▸ AIM OF THE TASK: Below is a listing to transcribe in full and exactly; keep the pictures out.

▸ DATASET CONTENT:
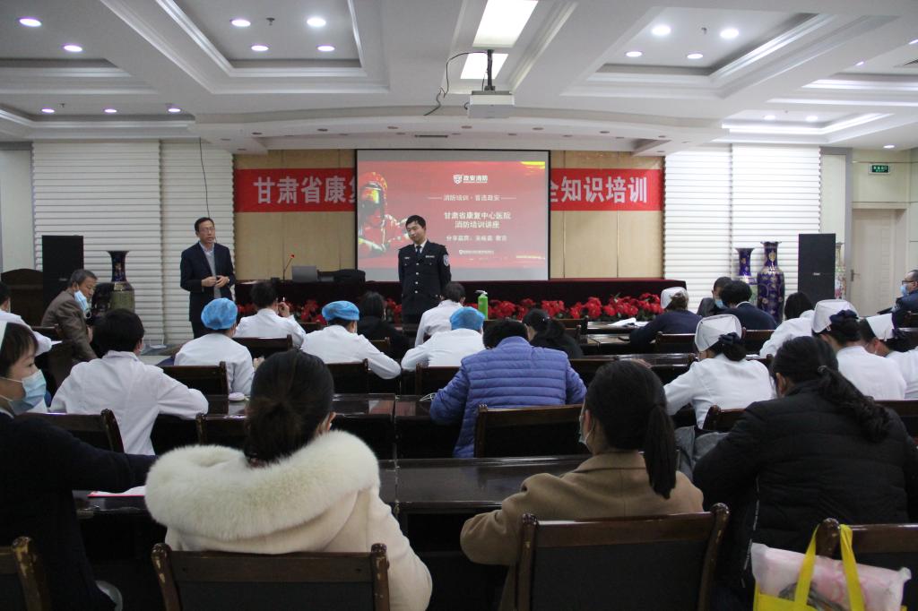 为进一步宣传普及消防知识,增强医院职工消防安全意识,提高正确处理火灾等突发事件的应急能力,杜绝火灾隐患,构建平安和谐医院,11月13日下午,省康复中心医院邀请兰州政安防火知识宣传中心吴岐鑫教官为广大医护人员作了消防安全知识专题讲座。讲座紧紧围绕“关注消防,生命至上,构建平安医院”主题,从消防安全基本知识和近年来发生的重特大火灾事故典型案例,对消防安全工作的重要性、消防器材的使用、火灾中安全自救逃生方法等方面作了全面讲解。同时,针对医院行业的特殊性,提出加强医院消防安全建议与火灾防范指导,为营造安全和谐医疗环境,确保患者及医院安全有序运行提供了有益思路。
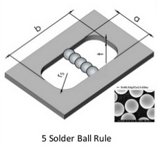 有一個(gè)'5球規(guī)則',理想情況下最少5個(gè)焊料粒子應(yīng)該跨越最小孔徑的寬度。
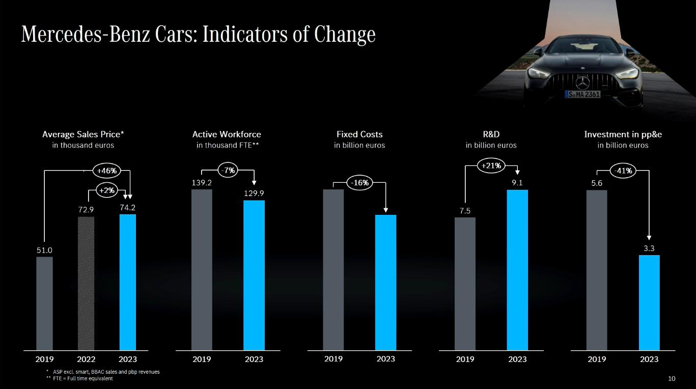 研发方面,2023年研发支出达100亿欧元,而2022年,这一数字为85亿欧元。未来,在平台和技术方面,特别是mb.os的研究和开发成本上升。
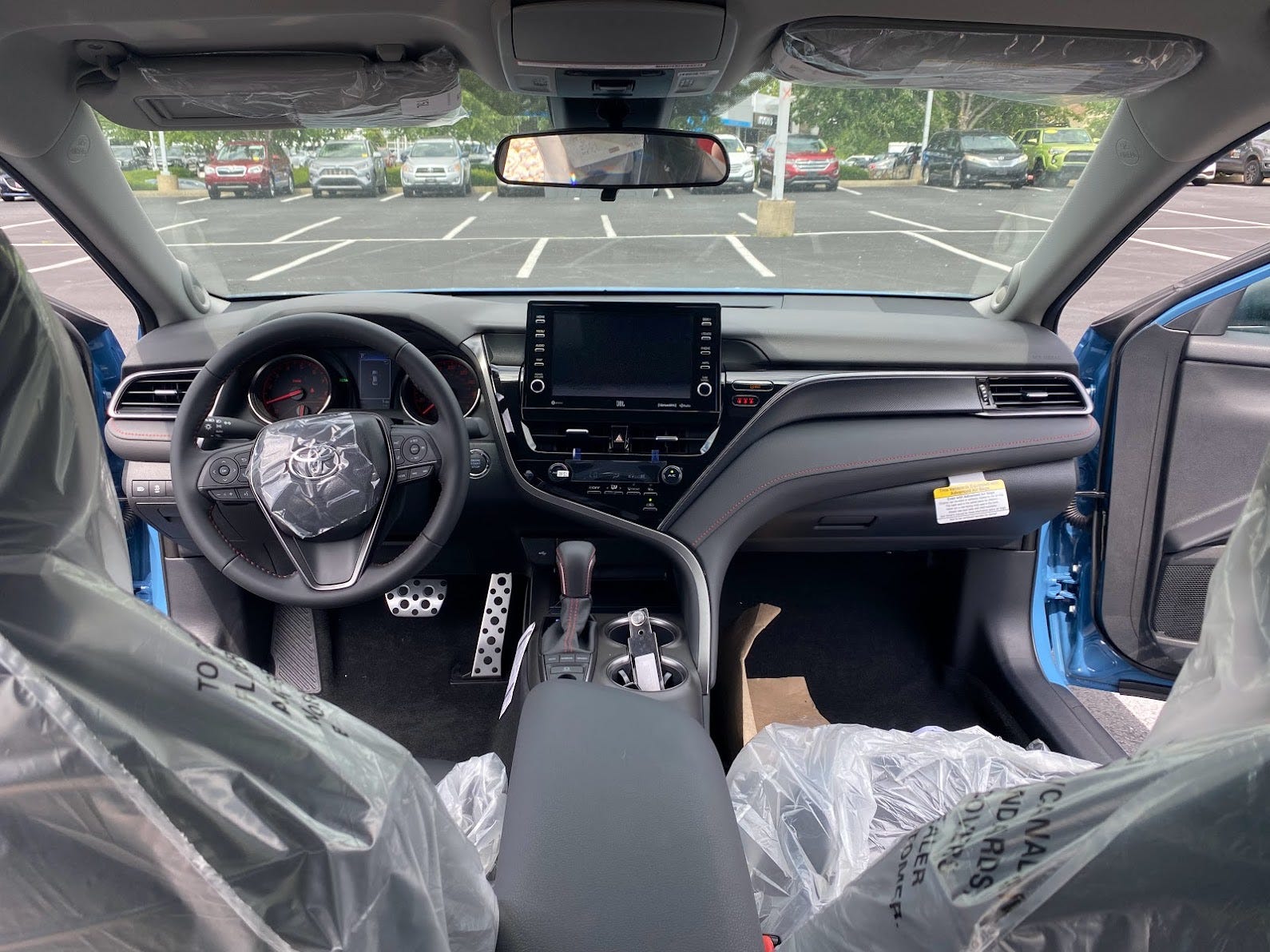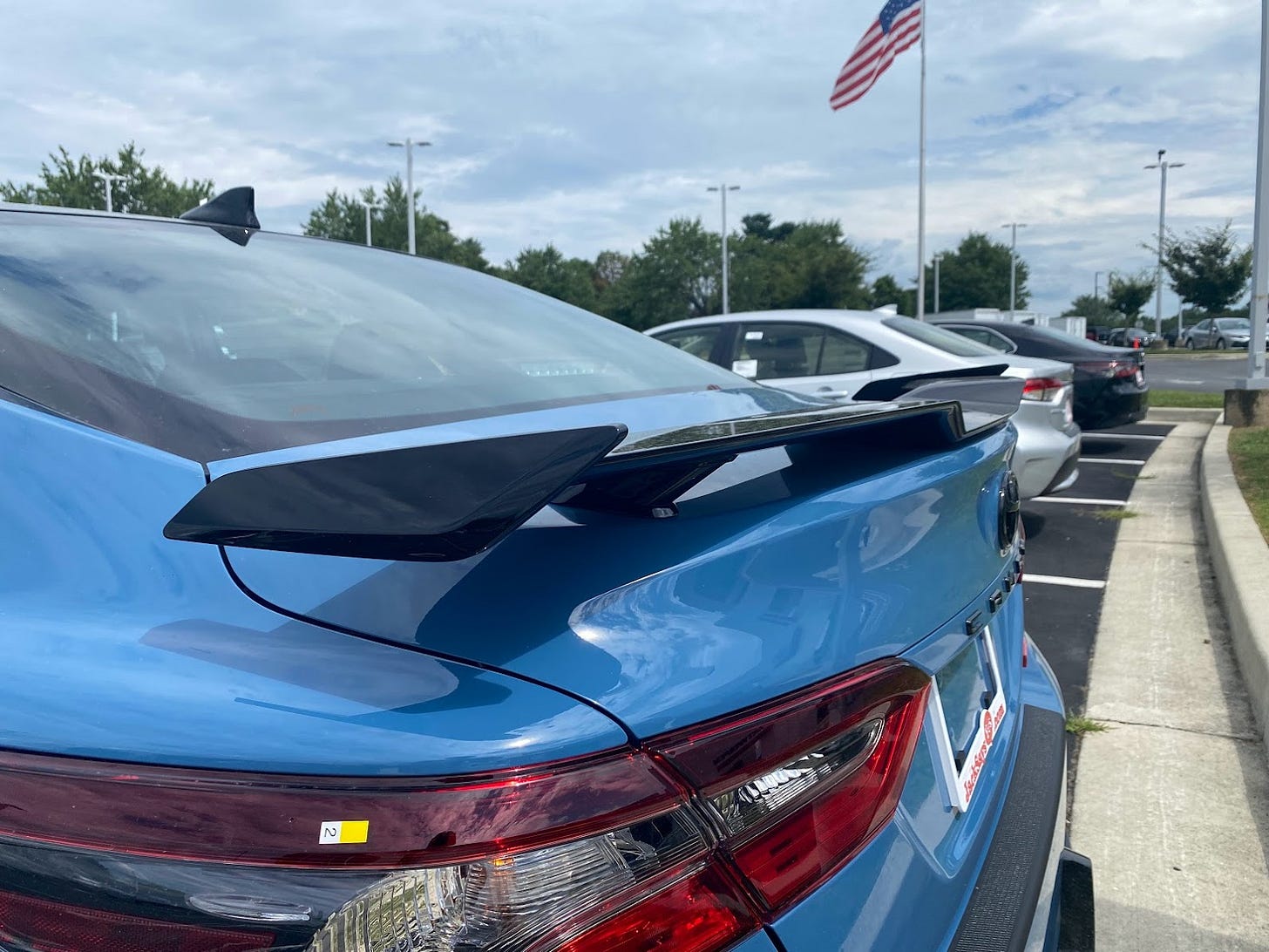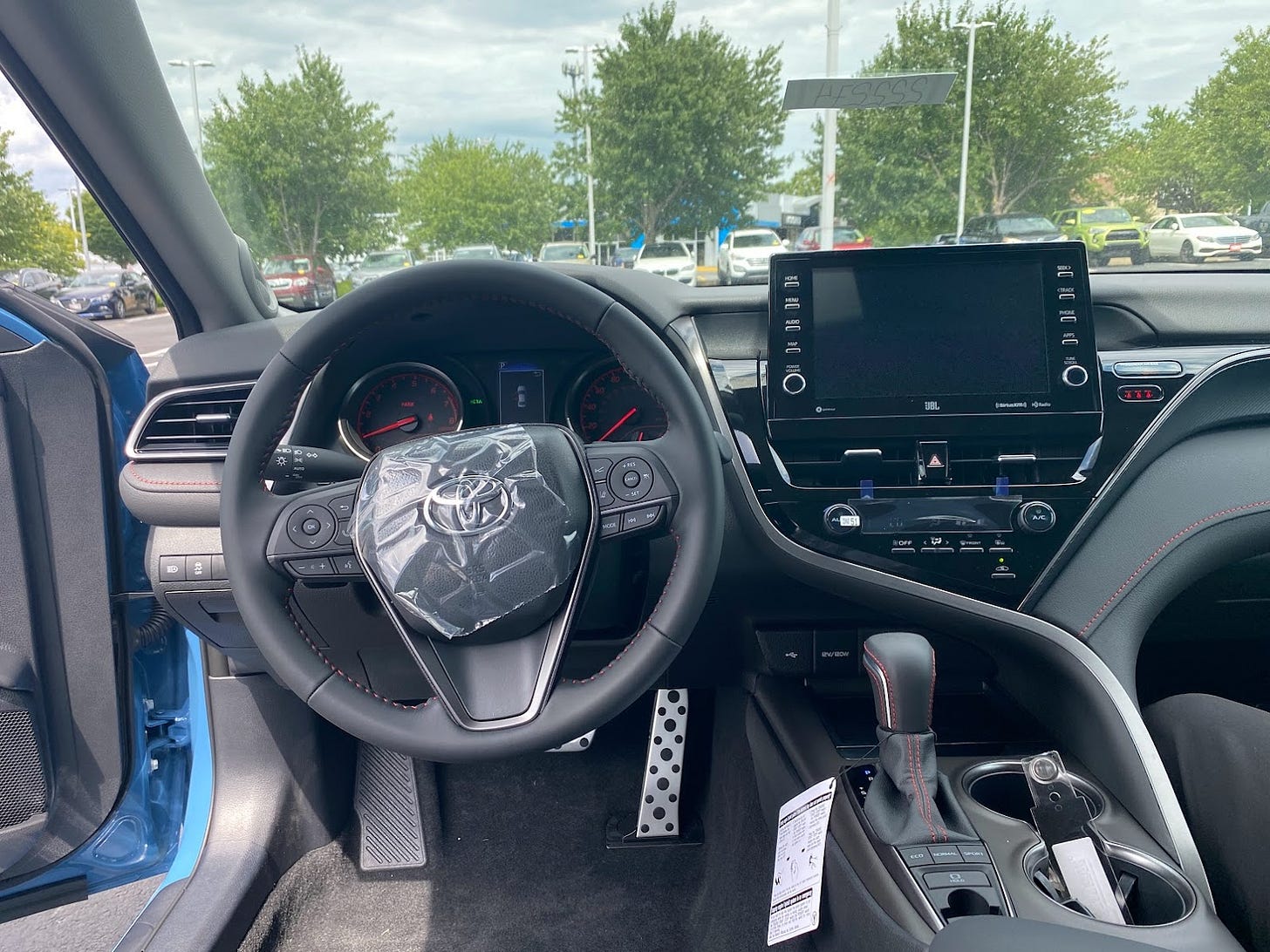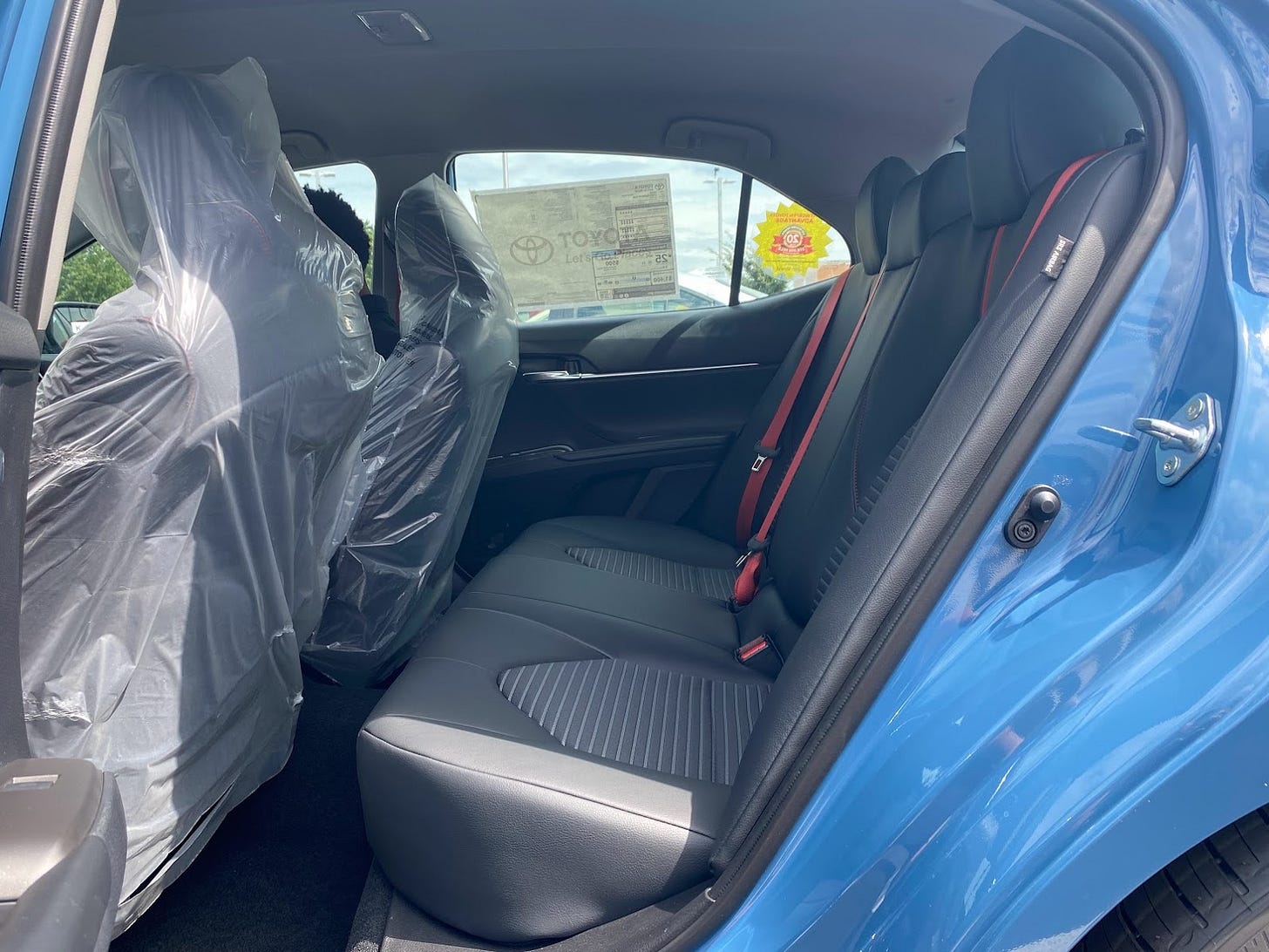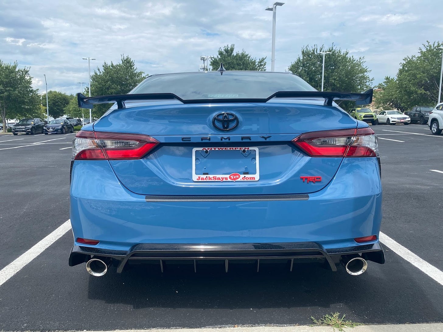 Let’s start on the outside. The single most obvious part of the TRD Camry is the gloss black rear spoiler. While it looks large in pictures, in reality, it’s no larger than that of an Elantra R. Accompanying the black spoiler are a set of black TRD rims, black round body trim including a front and rear splitter as well as side skirts, and a black roof that is part of the two-tone paint scheme on every TRD Camry. This particular model comes in Cavalry Blue, which again, looks suspiciously similar to the Hyundai N blue. Regardless, it still looks great even with the red accents that appear on various spots around the car. In short, it looks like a Camry went through a Forza Horizon 5 upgrade bin. I love it. There is no need for the TRD to look like this, and yet I couldn’t be happier that it does.

▸ ANSWER TO THIS EXERCISE:
 为进一步宣传普及消防知识,增强医院职工消防安全意识,提高正确处理火灾等突发事件的应急能力,杜绝火灾隐患,构建平安和谐医院,11月13日下午,省康复中心医院邀请兰州政安防火知识宣传中心吴岐鑫教官为广大医护人员作了消防安全知识专题讲座。讲座紧紧围绕“关注消防,生命至上,构建平安医院”主题,从消防安全基本知识和近年来发生的重特大火灾事故典型案例,对消防安全工作的重要性、消防器材的使用、火灾中安全自救逃生方法等方面作了全面讲解。同时,针对医院行业的特殊性,提出加强医院消防安全建议与火灾防范指导,为营造安全和谐医疗环境,确保患者及医院安全有序运行提供了有益思路。
 有一個(gè)'5球規(guī)則',理想情況下最少5個(gè)焊料粒子應(yīng)該跨越最小孔徑的寬度。
 研发方面,2023年研发支出达100亿欧元,而2022年,这一数字为85亿欧元。未来,在平台和技术方面,特别是mb.os的研究和开发成本上升。
 Let’s start on the outside. The single most obvious part of the TRD Camry is the gloss black rear spoiler. While it looks large in pictures, in reality, it’s no larger than that of an Elantra R. Accompanying the black spoiler are a set of black TRD rims, black round body trim including a front and rear splitter as well as side skirts, and a black roof that is part of the two-tone paint scheme on every TRD Camry. This particular model comes in Cavalry Blue, which again, looks suspiciously similar to the Hyundai N blue. Regardless, it still looks great even with the red accents that appear on various spots around the car. In short, it looks like a Camry went through a Forza Horizon 5 upgrade bin. I love it. There is no need for the TRD to look like this, and yet I couldn’t be happier that it does.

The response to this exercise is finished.